How To Stop Credit Card Solicitations

Coworker Bill posted this helpful notice on our employer’s intranet this morning:

It turns out that it pays to read the fine print. Not a day passes that I don’t get at least one junk mail enticement to sign up for a credit card. Airlines, hotels, associations, the credit card companies themselves – they send out probably billions of these offers every year.

However – you can get off their lists, off their bull’s-eye. The answer, it happens, is right there in plain sight – if you take the time to read the fine print.

Those terms and conditions statements that accompany the mailings include instructions for opting out of what is called “pre-screened offers.”“Pre-screening” means that the credit card issuer has checked your credit rating and decided you might could maybe qualify for this card – the wording is weasely because they don’t want to be sued if you apply and it turns out you’re a deadbeat.

But, just as they have to check with the credit bureaus to determine your credit-worthiness, you can instruct those bureaus to tell the credit companies “no thanks.” Here’s how:

or write:
Equifax Options, PO Box 740123, Atlanta GA 30374-0123
Experian Target Marketing, PO Box 919, Allen TX 75013
TransUnion Opt out Request, PO Box 505, Woodlyn PA 19094-0505

It will take some time for your name to be purged from the lists, and for the junk-mail flood to diminish, as these companies line up mailings like bullets in a machine gun belt. Meanwhile, ALWAYS shred these offers, as they can be used in identity theft schemes. Also, when you apply for things like hotel loyalty programs, always check the no-solicitation options to forestall getting back on new lists.

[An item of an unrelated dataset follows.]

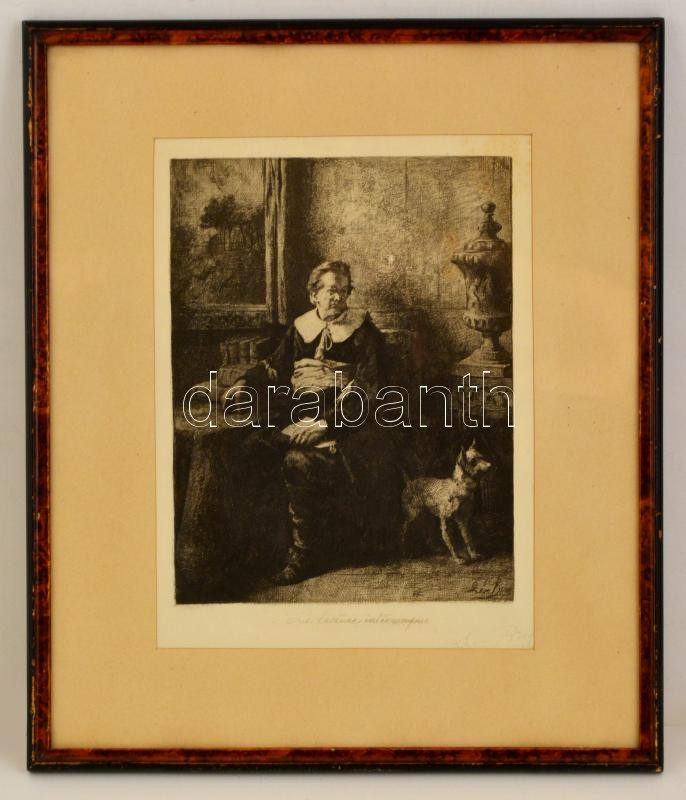 Leírás: Leon jelzéssel: La lecture interrompue, rézkarc, papír, paszpartuban, üvegezett fa keretben, 31×23 cm

Thanks, Bill, I’m doing this today. I hate those little fake plastic cards that I get daily.

3 Responses so far »

  1. 1

    Nigel said,

    No, don’t shred the junk mail – just take out all the pieces with your name, address, or personal information, and send it back to them. Most junk mail is sent with postage-paid return envelopes, which means the companies that send them don’t pay for postage unless it is sent back to them. I say stuff the envelopes with your junk mail and send it right back… see how long they keep paying for envelopes of pizza coupons, credit card applications, and magazine subscriptions.

  2. 2

    Matt said,

    This is some very valuable info. Next time we write about Junk Mail we’ll mention this and refer back to this post. We recently posted on an initiative that may be of interest…

  3. 3

    John said,

    Ok I tryed all this already years ago, but it just keeps coming. I did call the credit agencies, I did send hundreds of envelops back. But no result what so ever.
    I even did sand in the envelops to make the envelop heavier. They must have paid thru the nose but its is still worth it for them.

    The solution of course is something similar to the do-not-call list. Simple and effective. If the address is in that list, guess what… I do not want your mail.